Collected material:
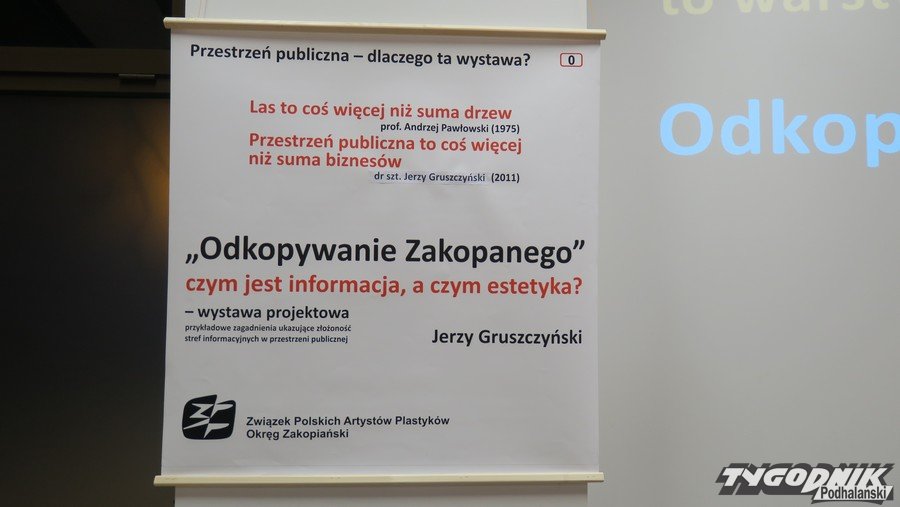 Związek Polskich Artystów Plastyków Okręg Zakopiański w gościnnych progach Domu Wczasowego Hyrny w Zakopanem zorganizował wystawę połączoną z wykładem Jerzego Jurasa Gruszczyńskiego "Odkopywanie Zakopanego". Spotkanie poświęcone było refleksji nad wizualnym chaosem przestrzeni publicznej Zakopanego i szerzej - Podhala.
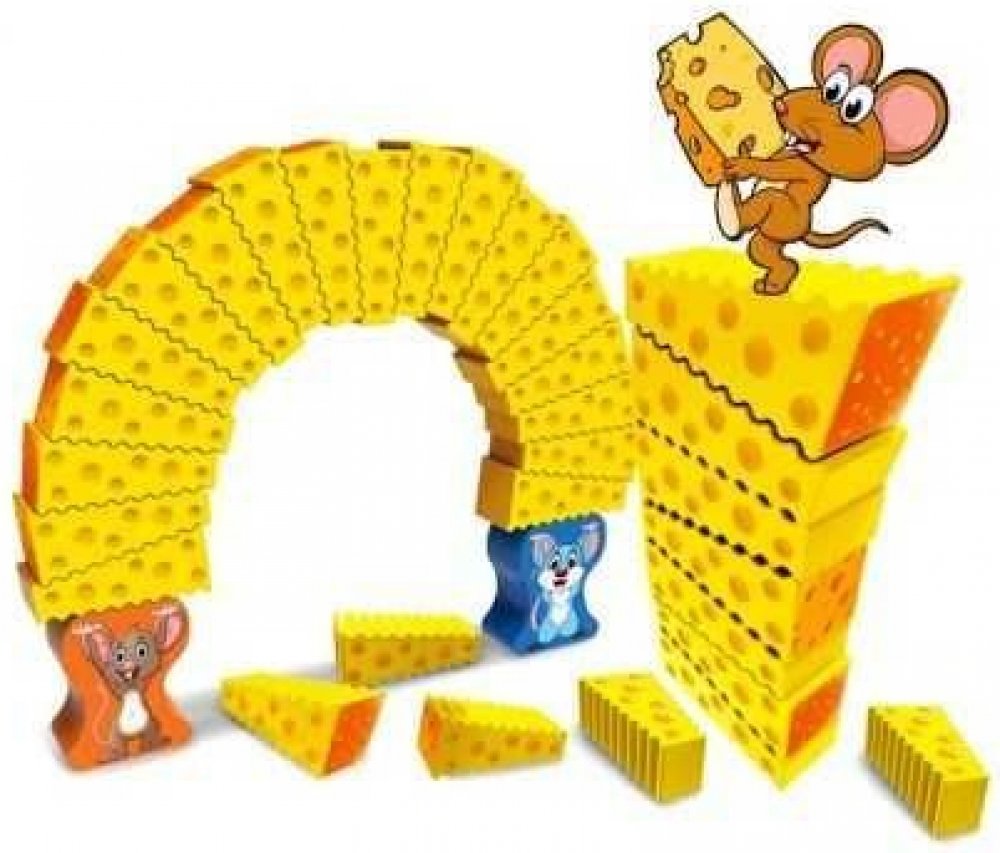 Myší Jenga je fantastická hra pro malé i velké děti.Ukládání věže, oblouku a různé kombinace ukládání sýrů přinese spoustu vzrušující zábavy.Set obsahuje dvě myši. Pomozte jim sbírat sýr ve třech zábavných hrách. Ukládání sýra na myš (pro 2–4 hráče):- Umístěte jednu myš do středu hrací plochy.
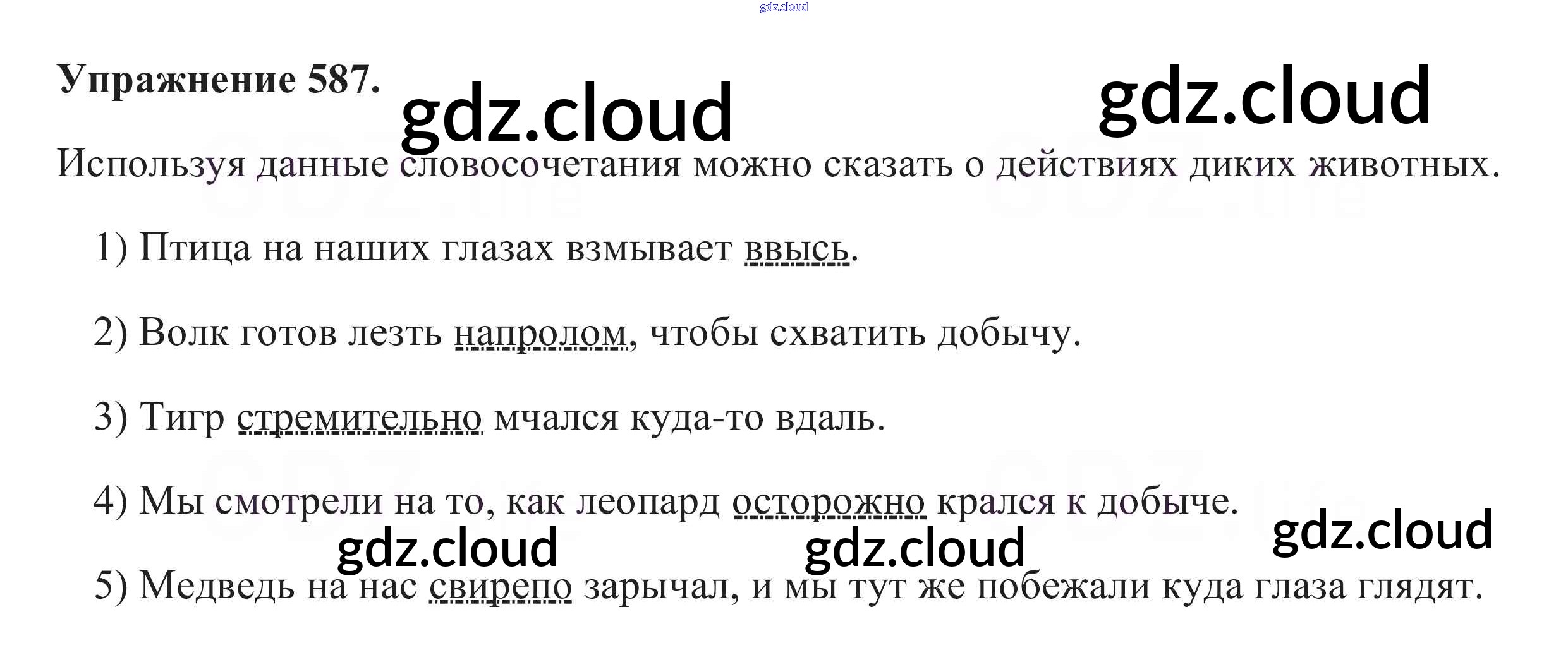 Ответ на задание 587 Учебник Русский язык за 5 (пятый) класс Разумовская, Львова, Капинос, Львов, Богданова, Тронина, Сергеева 2014

Task details:
Exactly as written, return each line above and leave the pictures behind.

Answer below:
 Związek Polskich Artystów Plastyków Okręg Zakopiański w gościnnych progach Domu Wczasowego Hyrny w Zakopanem zorganizował wystawę połączoną z wykładem Jerzego Jurasa Gruszczyńskiego "Odkopywanie Zakopanego". Spotkanie poświęcone było refleksji nad wizualnym chaosem przestrzeni publicznej Zakopanego i szerzej - Podhala.
 Myší Jenga je fantastická hra pro malé i velké děti.Ukládání věže, oblouku a různé kombinace ukládání sýrů přinese spoustu vzrušující zábavy.Set obsahuje dvě myši. Pomozte jim sbírat sýr ve třech zábavných hrách. Ukládání sýra na myš (pro 2–4 hráče):- Umístěte jednu myš do středu hrací plochy.
 Ответ на задание 587 Учебник Русский язык за 5 (пятый) класс Разумовская, Львова, Капинос, Львов, Богданова, Тронина, Сергеева 2014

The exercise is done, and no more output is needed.